Key Performance Indicators (KPIs) for Software-as-a-Service (SaaS) Companies – CHURN RATE
During their expansion stage, a lot of SaaS companies find themselves in the position where the volume of their revenue and customers accounts put them far ahead of the new startup companies, but their financial infrastructure is far from being well established for successful scaling up and is far from being aligned with the company exit strategy. The Software-as-a-Service business model is so fundamentally different from the traditional Software model that using the GAAP audited financial statements will very often give us very little and even very misleading information for the current state of the business. In a series of blogs I will touch on some of the most important KPIs and KPI benchmarks for the companies in the SaaS industry. These KPIs will provide accurate evaluation of where the business is and should be used to guide and support the decisions of the companies’ management teams.
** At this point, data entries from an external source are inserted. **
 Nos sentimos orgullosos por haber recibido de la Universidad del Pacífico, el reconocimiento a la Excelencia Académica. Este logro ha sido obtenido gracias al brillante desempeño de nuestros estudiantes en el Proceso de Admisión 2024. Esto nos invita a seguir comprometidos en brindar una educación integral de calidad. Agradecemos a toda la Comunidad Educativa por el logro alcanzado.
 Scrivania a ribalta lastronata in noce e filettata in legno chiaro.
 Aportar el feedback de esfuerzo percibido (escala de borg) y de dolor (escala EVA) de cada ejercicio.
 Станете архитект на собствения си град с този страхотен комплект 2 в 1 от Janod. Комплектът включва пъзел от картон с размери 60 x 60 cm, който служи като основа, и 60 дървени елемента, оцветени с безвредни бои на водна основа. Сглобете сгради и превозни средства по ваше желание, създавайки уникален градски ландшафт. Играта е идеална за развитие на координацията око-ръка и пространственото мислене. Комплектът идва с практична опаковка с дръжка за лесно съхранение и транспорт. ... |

Today’s phrase is CHURN RATE! A research by Bessemer Venture Partners suggested that the top performing SaaS companies typically achieve annual renewals on a customer count basis above 90%. It may seem obvious that a company needs to carefully follow the number of customers that are leaving, however obvious does not make it a must-do practice. Furthermore, just tracking the total number of customers that churned over time will be of little use, since different customer cohorts have different customer experience and usually tend to use/pay for different amount of service. Therefore it is extremely important for SaaS executives to track the CHURN RATE on CUSTOMER COHOR BASIS. By tracking the churn a company can easily calculate the Average Life of a Customer cohort. For example, if your January customer cohort has shrunk by 20% by February, the average life of that cohort will be 1/20% = 5 months. This simple formula is so important when trying to project the revenue a business will generate, because accurate tracking of the cohort churn rate will avoid the dangerous optimism.
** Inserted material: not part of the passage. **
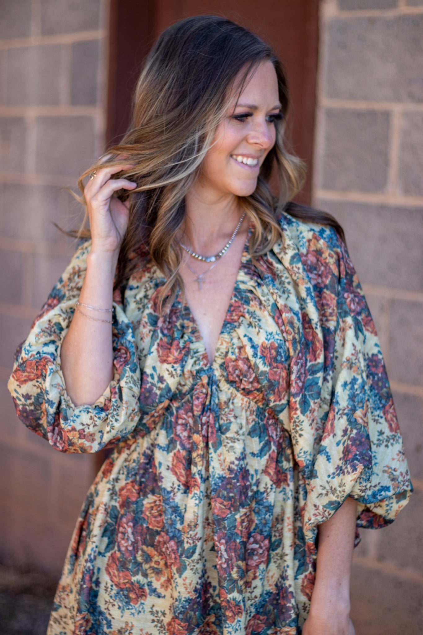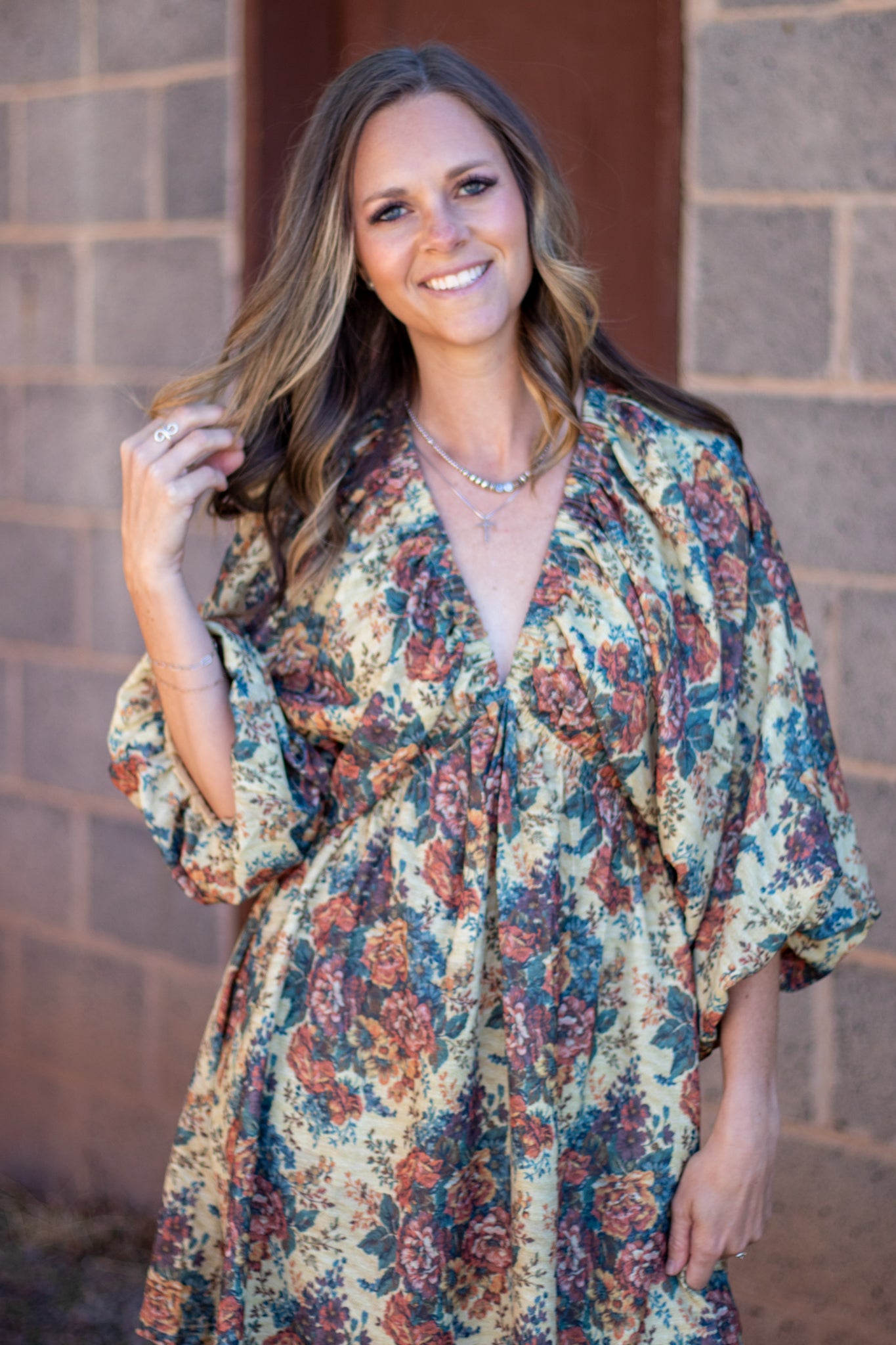 The Bethany Bubble Dress is giving all the vintage floral feels! This fun and feminine dress stands out with its unique details — from the flirty plunging neckline to the playful bubble sleeves and flowy silhouette. The vintage-inspired floral print adds a touch of nostalgia while keeping things fresh and effortlessly chic. Whether you’re headed to brunch, a fall wedding, or a weekend outing, this dress is sure to turn heads for all the right reasons.

Considering how important churn is, and generally how expensive it is signing a new customer compared to keeping an old one, expansion stage SaaS companies should have a good customer service level tracking matrix as precursor to the churn. I understand that it could be difficult and time-consuming, at first, to dissect your customers into cohorts and track them separately, as well as establish and track the customer service levels, but it will pay back the efforts. The logic is pretty simple, if you want revenue growth you have to not only add new customers but also keep the old ones, and to keep the old customers you will need to make sure that they are happy.